Enfim, o intelectual é para Said antes de tudo, um interlocutor/intermediador das diversas formas de produzir conhecimentos e que, sabe como articular, por outro lado, as múltiplas formas de manifestação dos saberes “oficiais” e “não-oficiais” para ampliar sua pesquisa e conhecimento do mundo, não porque o intelectual com essa disposição teria que concordar com as diversas formas de produção de conhecimento. Entretanto, o intelectual com sua postura de interlocutor/intermediador se abre a possibilidade de se reinventar para, da melhor maneira possível, propagar ou facilitar a inserção de outros conhecimentos e, consequentemente, evitar qualquer tipo de preconceito teórico.
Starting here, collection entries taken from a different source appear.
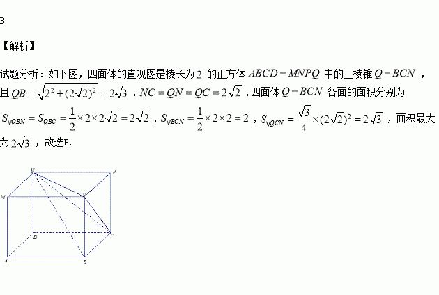 某四面体的三视图如图所示,正视图、俯视图都是腰长为
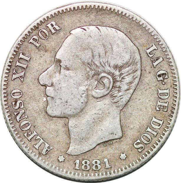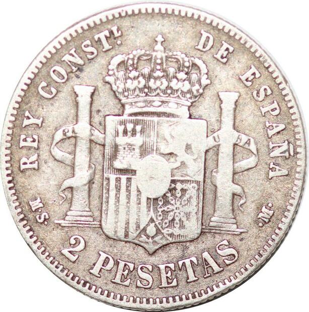 P0898 Spain 2 Pesetas Alfonso XII 1881 (83) MS M Silver KM# 678 -> Make offer
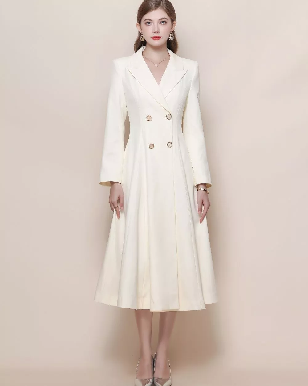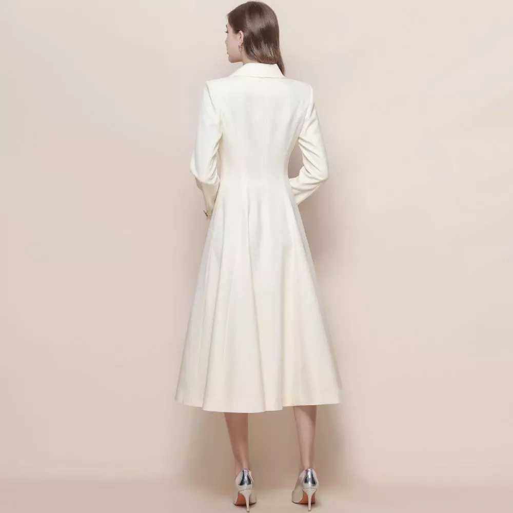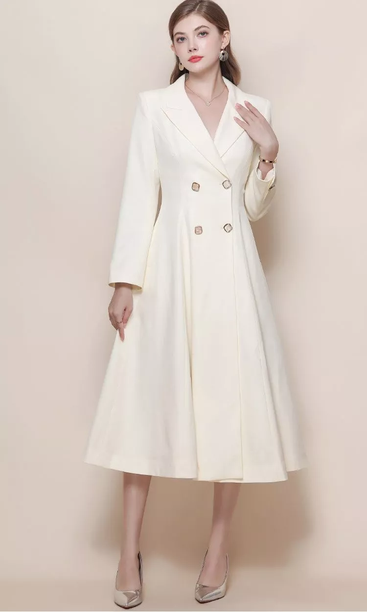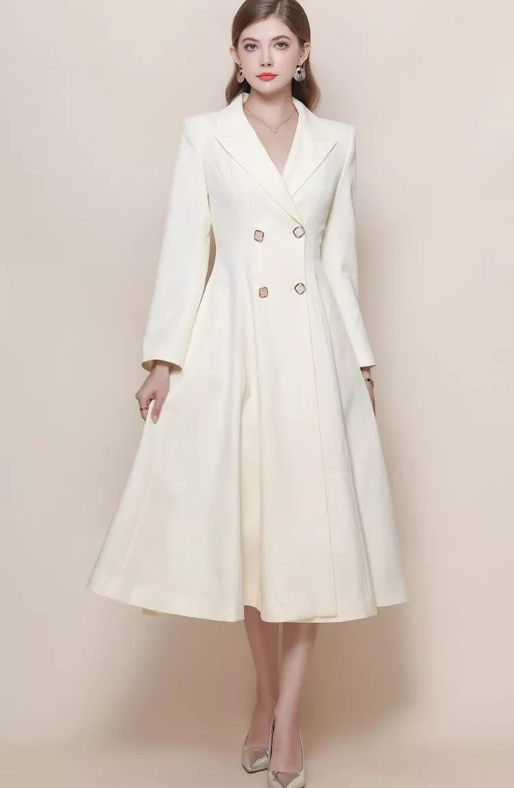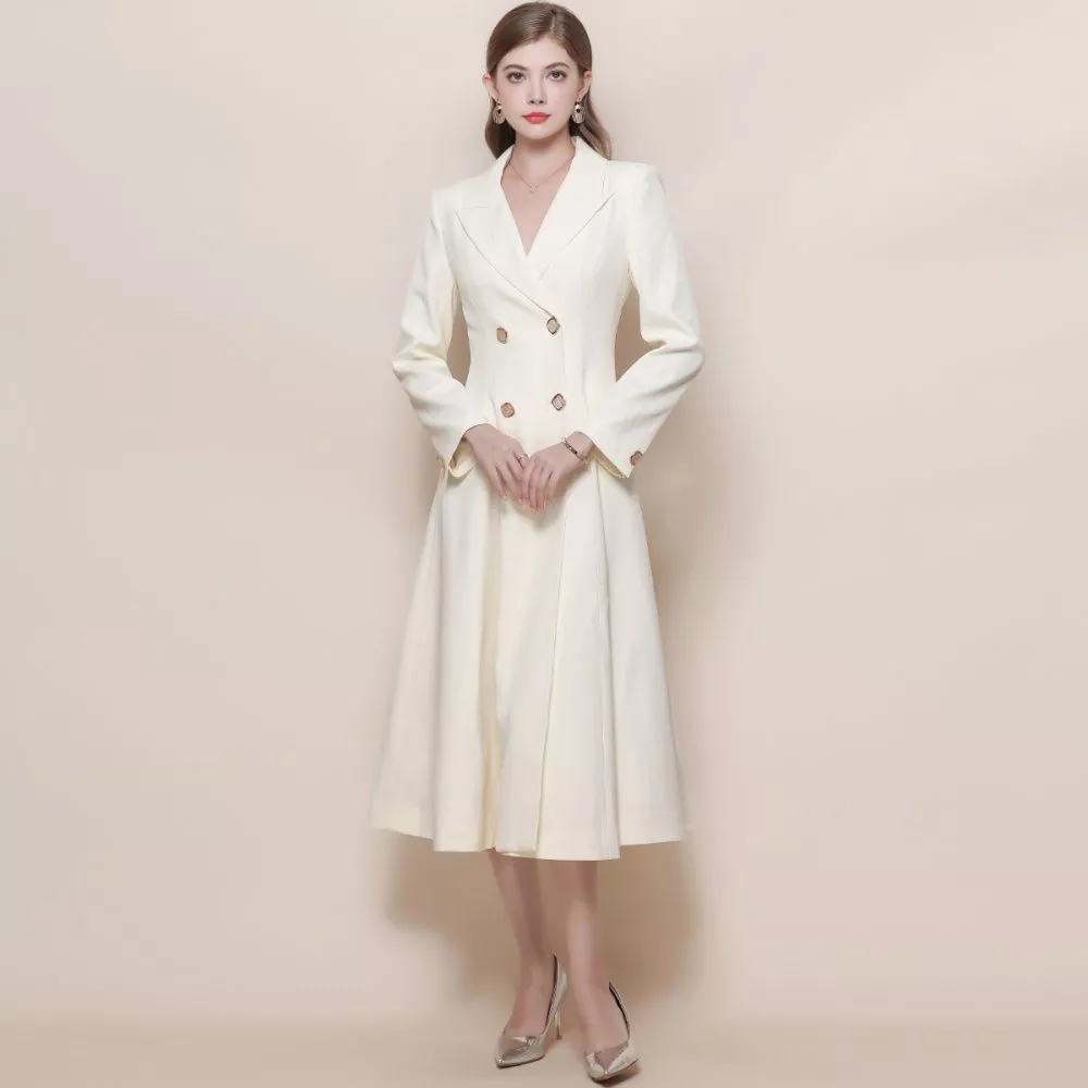 Abito midi doppiopetto in stile francese, elegante e luminoso grazie alla tonalità avorio–albicocca, perfetta per cerimonie, eventi e occasioni raffinate. Il taglio sartoriale con rever definiti valorizza la parte superiore, mentre la gonna svasata crea una linea longuette armoniosa e femminile. Le maniche lunghe e la costruzione strutturata donano un aspetto ricercato, mantenendo un’eleganza sobria. Realizzato in materiale sintetico, conserva bene la forma e garantisce un’ottima resa visiva nelle foto e all’indosso.
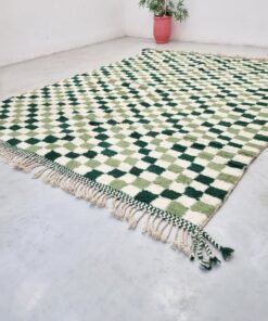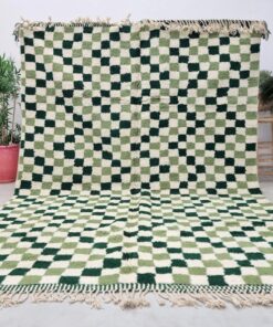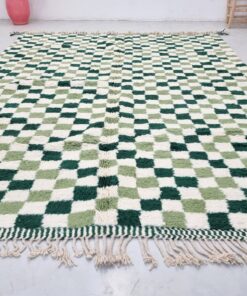 Moroccan Green Checkered Rug – Beni Ourain Wool Rug 8×11
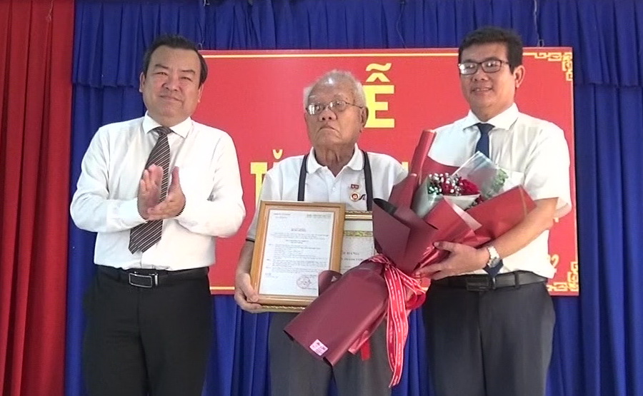 Đồng chí Phạm Hùng Thái – Phó Bí thư Thường trực Tỉnh uỷ, Trưởng đoàn Đại biểu Quốc hội đơn vị tỉnh Tây Ninh (trái) trao Huy hiệu 60 tuổi Đảng cho đảng viên Trương Văn Xê (Nguyễn Thành Tâm) tại phường An Hoà.
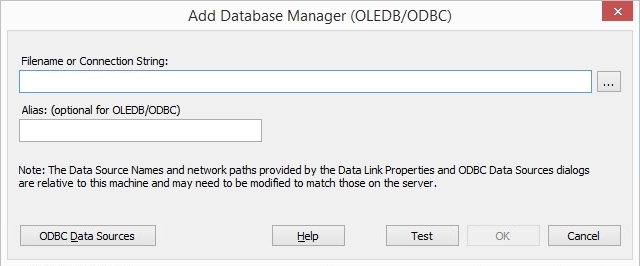This note is shown on the Add Database Manager (OLEDB/ODBC) screen:
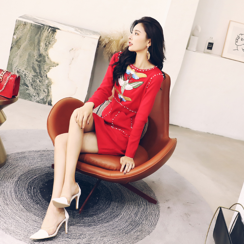 / 針織連衣裙早秋裝2018新款女裝氣質長款修身包臀釘珠重工一步裙子
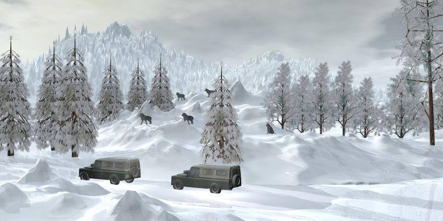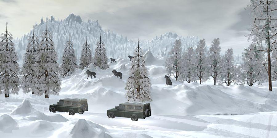 adbc: Wolves are much better size now. And regarding the snow: if there is no bump in the texture, increasing the bump value will not help. Maybe that is the issue? Maybe modify the snow texture to include more bump, or choose a bumpier starting point or: just keep it as it is now, cause it is a great render!
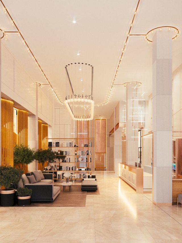 В пространстве с высокими – в 6 м – потолками расположена единая зона ресепшен с консьерж-обслуживаением, а также уютная зона ожидания с мягкой мебелью и рестораном. Атмосферу роскоши и изящества поддерживают элементы декора, расположенные на дизайнерских стеллажах и журнальных столиках. Здесь можно провести встречу или подождать такси, наслаждаясь приятной музыкой в стиле лаундж.
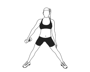 ۱) بایستید و پاها را کمی بیشتر از عرض شانه از هم باز کنید. انگشتان پاها کمی به سمت بیرون باشند. دمبل یا کتبلبل را در دست راست خود نگه دارید.
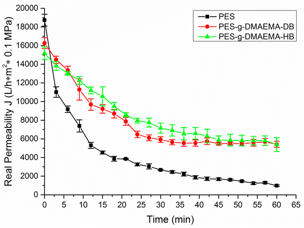 After the bacteria solution filtration and external cleaning, the pure water fluxes of the PES membranes were measured again. The relative flux recovery (RFR), calculated by the ratio of final pure water flux to the initial one, revealed the efficiency of cleaning bacteria. The higher RFR value means the stronger anti-adhesion ability. It was shown in Table 3 that the RFR value of PES membrane was only 55.1%, while higher values were obtained by PES-g-DMAEMA-DB and PES-g-DMAEMA-HB (88.3% and 92.7%, respectively). This suggested that bacteria attached on the membrane surface was effectively killed by DMAEMA-DB and DMAEMA-HB or lost the adhesion ability. Therefore, the modified membranes could be used for a longer time. These results were supported by the SEM images of the adhesion experiment as well.
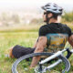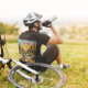 Sonnenuntergangsmalerei eines Fahrrads in der Wüste, umgeben von Kakteen
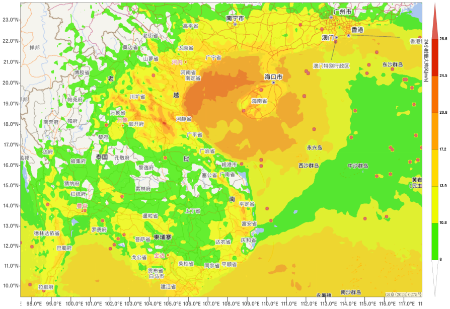受热带低压的影响(图1),预计8月29-31日,越南中北部将有中到大雨,其中,安沛省、富寿省、和平省、河西省、河南省、南定省、宁平省、清化省、义安省、河静省、广平省等地局地有暴雨或大暴雨;上述大部地区累计降水量50~90毫米,部分地区100~150毫米,越南中部局地超过260毫米(图2)。越南东部沿海将有7-8级大风,阵风可达9-10级(图3)。另外,老挝中南部、泰国北部、缅甸南部等地也将有大到暴雨,局地有大暴雨。
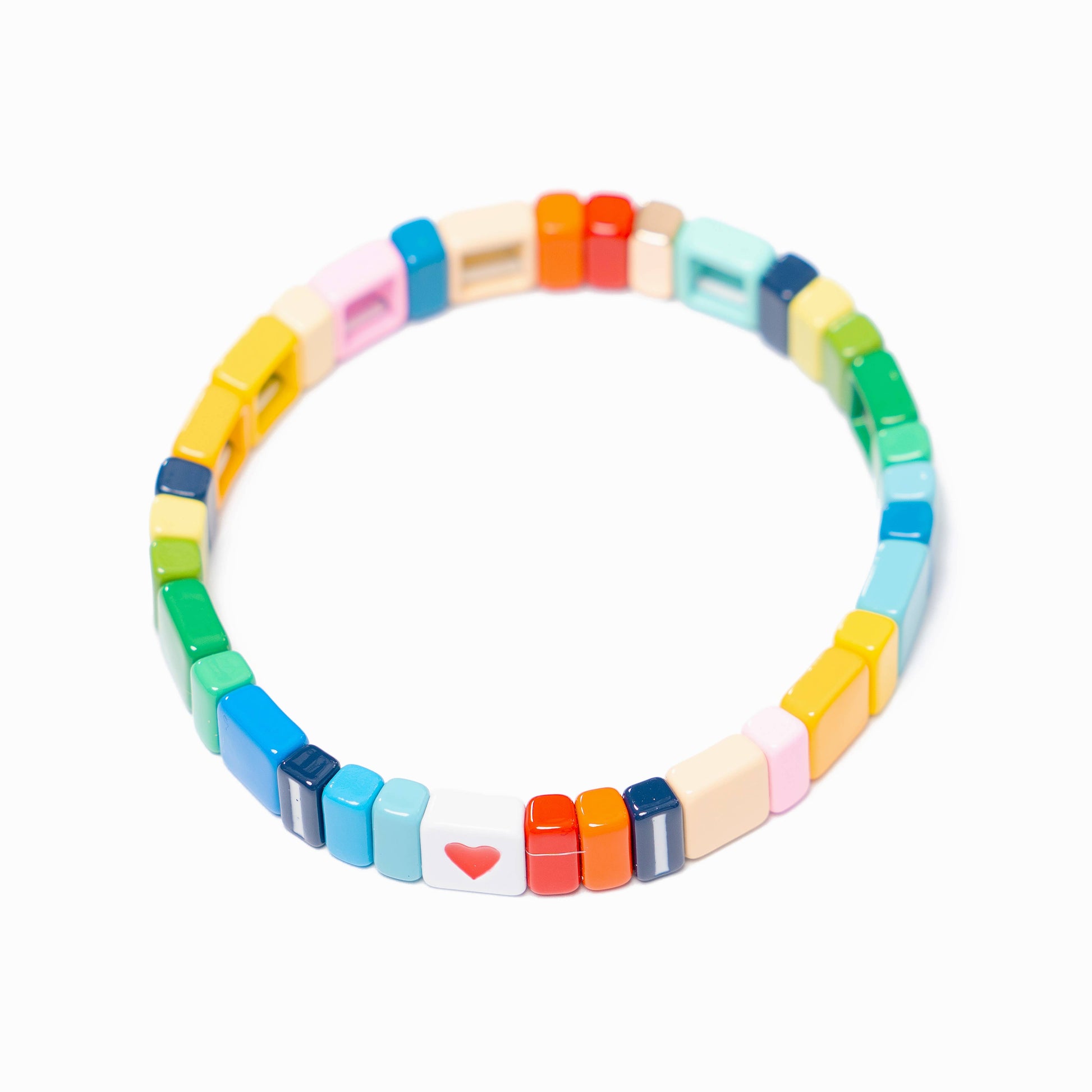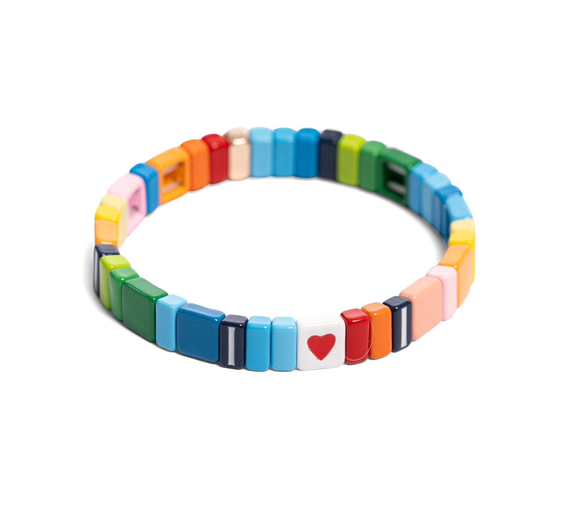 I Heart You is a great addition to your bracelet collection. The tiles are strung on an elastic cord for extra comfort and ease while taking it on and off. Wear individually or add to your own stack. Makes the perfect Gift!
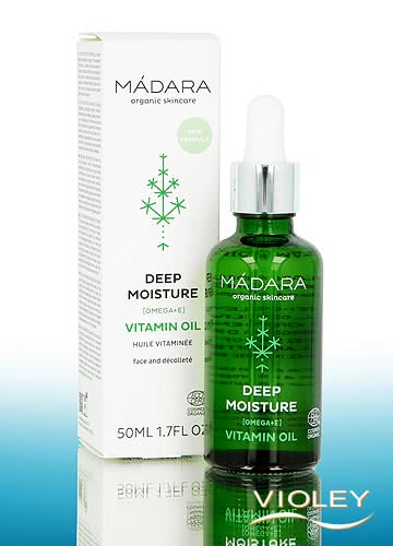 Mádara Omega+E-vitamiiniöljy. Tässä sekoituksessa yhdistyvät iltaimarre-, boorage- ja vadelmansiemenöljy sekä tyrni- ja ruusunmarjauutteet. Nopeasti imeytyvä koostumus sisältää omega-3- ja omega-6-rasvahappoja sekä E-vitamiinia. Tämä kevyt öljy kosteuttaa ihoa ja huokuu sitruksen ja keltaisten hedelmien tuoksua. Herätettyä ihonväriä varten. Öljyä voi käyttää sellaisenaan tai sekoitettuna voiteeseen.
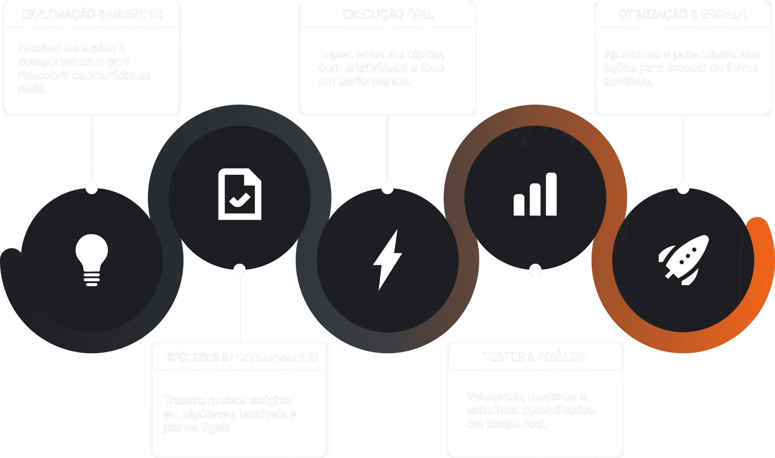 A NOR aplica ciclos contínuos de testes, análises e otimizações para garantir evolução constante e crescimento escalável.
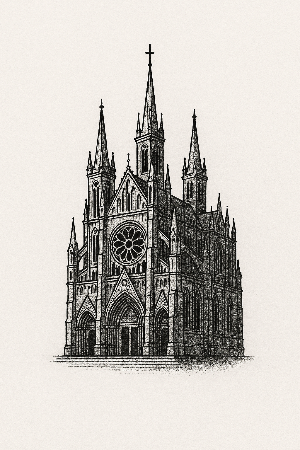 /Collection: /by davooda/Type: PNG/This image features a detailed black and white illustration of a Gothic-style church, showcasing intricate architectural elements. Ideal for art prints or architectural studies.

Portanto, em cada sociedade o trabalho do intelectual/autor deve ser desenvolvido para atender, ao mesmo tempo, aos interesses desta, bem como, dos sujeitos que a compõe. Foi dessa combinação de interesses que emergiriam os fundamentos essenciais que devem nortear a elaboração dos conteúdos das diversas áreas do conhecimento tais como: descobertas científicas, produções artísticas e culturais, entre outros. Esses conteúdos são a base para que os sujeitos interajam de forma decisiva no mundo que os cercam. Consequentemente, o trabalho do intelectual/autor deve voltar-se para atividades críticas que nos forneçam ferramentas reflexivas de intervenção na realidade cultural e social de cada lugar, como também, ter um diálogo constante com as diferentes formas de conhecimento. Essa possibilidade de postura crítica frente aos problemas do nosso cotidiano social e cultural que às reflexão destes dois autores no inspiram.
Referências
FOUCAULT, Michel. 1969 – O que é um Autor? In: Ditos & Escritos III. Estética: Literatura e Pintura, Música e Cinema. Organização e seleção de textos: Manoel Barros da Motta. Tradução: Inês Autran Dourado Barbosa. 2ª ed. SP: Forense Universitária, 2009, p. 264-298.
SAID, Edward W. Representações do intelectual: as conferências Reith de 1993. SP: Cia das Letras, 2005.
Notas
[1] Para Foucault o discurso é uma rede de afirmações que são constituídas de um número limitado de formas de conhecimentos para os quais podemos definir um conjunto de condições de existência para tudo na vida.